The ratio $f_s=\langle\bar{s}s\rangle/\langle\bar{u}u\rangle
=\langle\bar{s}g_c\sigma\cdot G s\rangle
/\langle\bar{u}g_c\sigma\cdot G u\rangle$ accounts for 
the flavor symmetry breaking of the strange quark.
The four-quark condensate is not well-known and we use the 
factorization approximation 
$\langle\bar{u}u\bar{u}u\rangle=\kappa_v\langle\bar{u}u\rangle^2$ and 
investigate its possible violation via the parameter $\kappa_v$.
The anomalous dimension corrections of the various operators 
are taken into account via the factor $L=\left[{\alpha_s(\mu^2)/
\alpha_s(M^2)}\right] =\left[{\ln(M^2/\Lambda_{QCD}^2)/
\ln(\mu^2/\Lambda_{QCD}^2)}\right]$, where $\mu=500$ MeV is the
renormalization scale and $\Lambda_{QCD}$ is the QCD scale parameter.  
As usual, the excited state contributions are modeled using terms 
on the OPE side surviving $M^2\rightarrow \infty$ under the assumption
of duality, and are represented by the factors 
$E_n(x)=1-e^{-x}\sum_n{x^n/n!}$ with $x=w_B^2/M_B^2$
and $w_B$ an effective continuum threshold. Note that $w_B$
is in principle different for different member of the decuplet and we will 
treat it as a free parameter in the analysis.

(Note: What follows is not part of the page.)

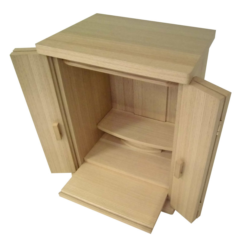| 商品説明 | 【商品コード:2940】 ◎日本堂オリジナル商品 ■材質詳細 ・笠、台輪/主材料:タモ薄板貼り 芯材料:MDF ・戸板、扉/主材料:タモ薄板貼り 芯材料:MDF ・その他/表面仕上げ:ウレタン仕上、生産地:海外 ■宗派 どの宗派でもお使いいただけます。 ■備考 ・商品は手作りの為、一部の色、デザイン、寸法が多少変更になる場合がございます。 コンパクトさが特徴の14号サイズのお仏壇となっております。 現代の住空間に合うサイズ感で、木目を活かしたシンプルなつくりは和洋室どちらにも合うデザインとなっております。 内部の須弥壇は取り外しが可能で、ご本尊や掛軸の大きさに合わせて高さを変えることができます。 また、お仏壇のお手入れがしやすく、奥の方の細かな部分まで、しっかりお手入れして頂くことが出来ます。 タモ材を表面材に使用し馴染みやすい色合いで、洋室やリビングにも自然に溶け込む家具調仏壇となっております。 膳引きは、スライド式となっており、お祀りいただいた仏具をそのまま中に収納して扉を閉めることができます。 内部照明には、LEDライトを採用し暗いお部屋や夜間でも明るく照らします。 |

These sum rules constitute a complete, up-to-date set of QCD sum rules 
for the decuplet baryon two-point functions under standard 
implementation of the approach.
The reader can find differences in a number of Wilson coefficients 
and in the anomalous dimension corrections,
when comparing with the existing calculations.


\section{Analysis}
\label{ana}

The basic steps of the Monte-Carlo based 
analysis are as follows~\cite{Derek96}.  
Given the uncertainties in the QCD input 
parameters, randomly-selected, Gaussianly-distributed sets are generated,
from which an uncertainty distribution in the OPE can
be constructed.  Then a $\chi^2$ minimization is applied to the sum
rule by adjusting the phenomenological fit parameters.  This is done
for each QCD parameter set, resulting in distributions for
phenomenological fit parameters, from which errors are derived.
Usually, 100 such configurations are sufficient for getting stable
results. We generally select 1000 sets which help resolve more subtle
correlations among the QCD parameters and the phenomenological fit parameters.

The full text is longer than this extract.